And that NULL is the 0 you are complaining about.
This code seems to be much more complex and hard to read than it may need to be.
Let me show an alternative
about the declaration
You may write the node struct like
typedef struct _nd
{
int data;
struct _nd* next;
} node;
So you can use node in the declaration and not have to repeat struct at all times. Also it is useful to have a convention for typedef, like using first letter uppercase to help in readability
As I said before a list is a collection of nodes, it is NOT just a node --- with a pointer inside --- and each node has a payload, some data, usually a pointer. As an example consider
an alternate example of list structs
typedef struct _nda
{
int data;
struct _nda* next;
} Node;
struct _the_list
{
char* name;
unsigned size;
unsigned limit;
Node* head;
Node* tail;
};
typedef struct _the_list List;
Here the list is, well, List. And each list has head, tail, size, limit and even a name. I kept data as an int but is is not good: you really want it as a pointer, maybe (void*).
Why? Because in this way you can reuse the code everywhere with no change.
How to use a List like this?
Using functions like these possible prototypes
List* _create(const char*);
int _define_max(List* l, const unsigned);
List* _delete(List*);
int _empty(List*);
int _get_max(List*);
List* _insert_begin(int, List*);
List* _insert_end(int, List*);
int _insert_your_way(List*, int(*)(int,int));
int _print(List*);
int _print_your_way(List*, int(*)(int,int));
List* _remove(int, List*);
int _size(List*);
I will post a running example below just to have something you can test or ask about case you need. But it is the usual. Only these two functions are less usual, but more useful:
int _insert_your_way(List*, int(*F)(int,int));
int _print_your_way(List*, int(*F)(int,int));
Here you can pass a function like in the qsort() function, and the node is inserted at the position, using the function F() to compare the nodes. The effect is that you can have the nodes inserted (or listed) in any order, with no change in the list code, just by providing different functions to the print or insert function.
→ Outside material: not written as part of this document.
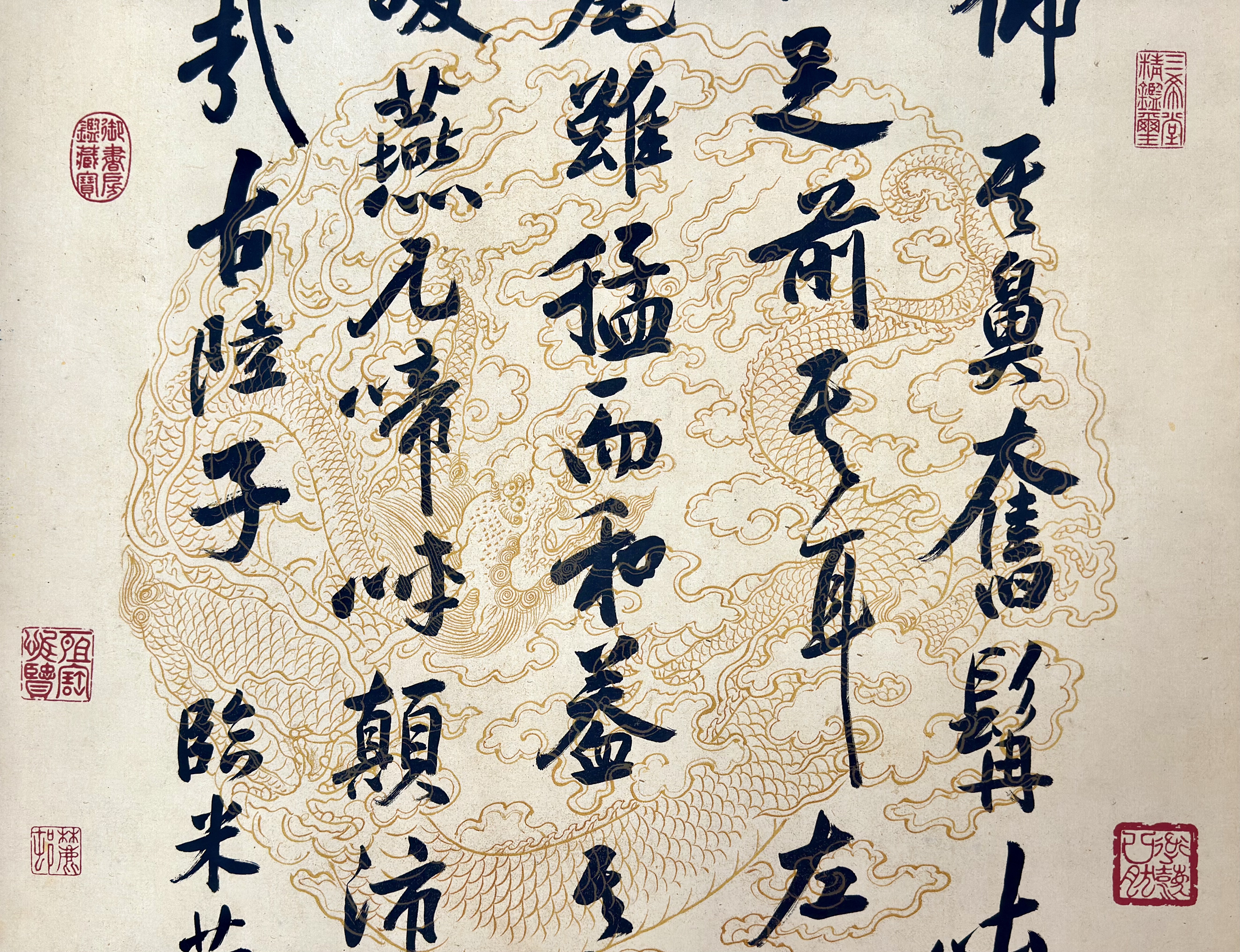 以金笺映墨、以龙纹承韵,展现文人精神与宫廷雅趣的交融之美。

C does that, C++ does that, everybody does that, so we can too :)
code for instantiating such a list
List* _create(const char* name)
{
List* one = (List*)malloc(sizeof(List));
one->name = (char*)malloc(1 + strlen(name));
strcpy(one->name, name);
one->size = 0;
one->limit = 0;
one->head = NULL;
one->tail = NULL;
return one;
}; // criar()
You may find that writing this way makes easier to maintain or read the code. And the List as a container is much more expressive: metadata about the list in included in the list. No need for ptr, head, temp, size or other controls hanging loose in main()
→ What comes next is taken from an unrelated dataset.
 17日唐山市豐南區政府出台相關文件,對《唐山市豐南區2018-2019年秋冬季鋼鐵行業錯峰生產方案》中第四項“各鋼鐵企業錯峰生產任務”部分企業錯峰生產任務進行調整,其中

To create a list you can just write, like in the example
List* first = _create("The First List");
inserting nodes at the beggining
List* _insert_begin(int value, List* l)
{
if (l == NULL) return l; //no list
if ((l->limit > 0) && (l->size == l->limit)) return l; // full
// ok: create a node and stuff data in
Node* nd = (Node*)malloc(sizeof(Node));
nd->data = value; // data comes in
nd->next = l->head; // depois vem o que estava na frente
l->head = nd; // nd fim
l->size = l->size + 1;
// if it is the first node
if (l->size == 1)l->tail = nd;
return l;
};
As I told you this is just a toy, an example. In practice you will use a void* in order to have a generic code. I am using an int as data here, as you did. To insert a few nodes in the list created above you just write
// insert 6,7,8,9,10 at the end
for(int i = 6; i<11; i+=1 ) _insert_end(i, first);
And you can have even an array of lists and all goes well. No external variables to look after. And each list has size updated, head, tail...
printing nodes
print is also easy and can be more expressive, since we have metadata with limits, size, head, tail and even the name for each list.
sample program
int main(void)
{
List* first = _create("The First List");
_print(first);
_define_max(first,300);
_print(first);
// insert 5,4,3,2,1 at the beggining
for(int i = 5; i>0; i-=1 ) _insert_begin(i, first);
// list again
_print(first);
// insert 6,7,8,9,10 at the end
for(int i = 6; i<11; i+=1 ) _insert_end(i, first);
// list again
_print(first);
printf("empty(): %d size()= %d\n",
_empty(first),
_size(first) );
first = _delete(first);
_print(first);
return 0;
}
This code just
create a list and prints the nodes
set the optional limit to 300 nodes
list the nodes
insert 5,4,3,2,1 at the beginning
list the nodes
insert 6,7,8,9,10 at the tail
list the nodes
call a few functions on the list
deletes all data
output
List 'The First List' with 0 elements [MAX not defined yet]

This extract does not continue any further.